After an hour they'd be forced to set down on the water to extract more hydrogen, but Nevi planned to have everything that he needed aboard by then.
The highest function of love is that it makes the loved one a unique and irreplaceable being.
- T. Robbins, from A Literary Encyclopedia of the Atomic Age
Beatriz was hustled through the passageway and locked inside the Orbiter's makeshift Holovision studio with three techs from Brood's crew. None of the three had been at the launch site killings, but none of them had much to say to her, either. A large portable screen behind her hid the wet lights and mirrors that cluttered all six studio bulkheads. The same Holovision logo she wore at the left breast of her jacket emblazoned the screen: it was an eye, bidimensional, but the pupil was a holo stage.
Beatriz loved weather and had never liked the claustrophobic world inside the studios. That was why she and Ben had worked so well together and, in spite of offers, spent so many years in the field. Her recent promotion carried a lot of studio work, and her contract guaranteed a room with a view - on paper. She missed the sense of drifting she'd had, growing up an Islander.

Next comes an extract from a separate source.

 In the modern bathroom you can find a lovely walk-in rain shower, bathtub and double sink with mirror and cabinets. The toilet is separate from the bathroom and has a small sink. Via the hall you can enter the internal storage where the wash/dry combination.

Aboard the Orbiter she was assigned a cubby rimside, more than a kilometer from the studio near the axis. From her cubby she watched Pandora wake and sleep above her bed. Her father, a fisherman, would be taking his midafternoon break right now. Inside the studio there was no time of day, no night.

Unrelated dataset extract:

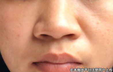 1、鼻翼外擴、鼻翼組織中度肥厚,但是鼻孔大小和鼻檻基本正常:

Her instructions from Brood were simple and cold: "Relax, we'll do the work. You just read what's in front of you when the red light goes on."
A small security camera mounted high on the bulkhead kept track of her every move. It was a toy, a trinket compared to the personalized cameras and triangulators that her team used at the launch site. Holovision's equipment got worse every year. She missed her own gear.
They were the best, she thought. And maybe that last tape is still inside.
She wondered whether Brood's men had picked them up.
Rico made those sets, she thought, and those triangulators, too. Nobody who knew cameras could pass those up.
She felt her first rush of real hope. The cameras weren't down at the launch site at all.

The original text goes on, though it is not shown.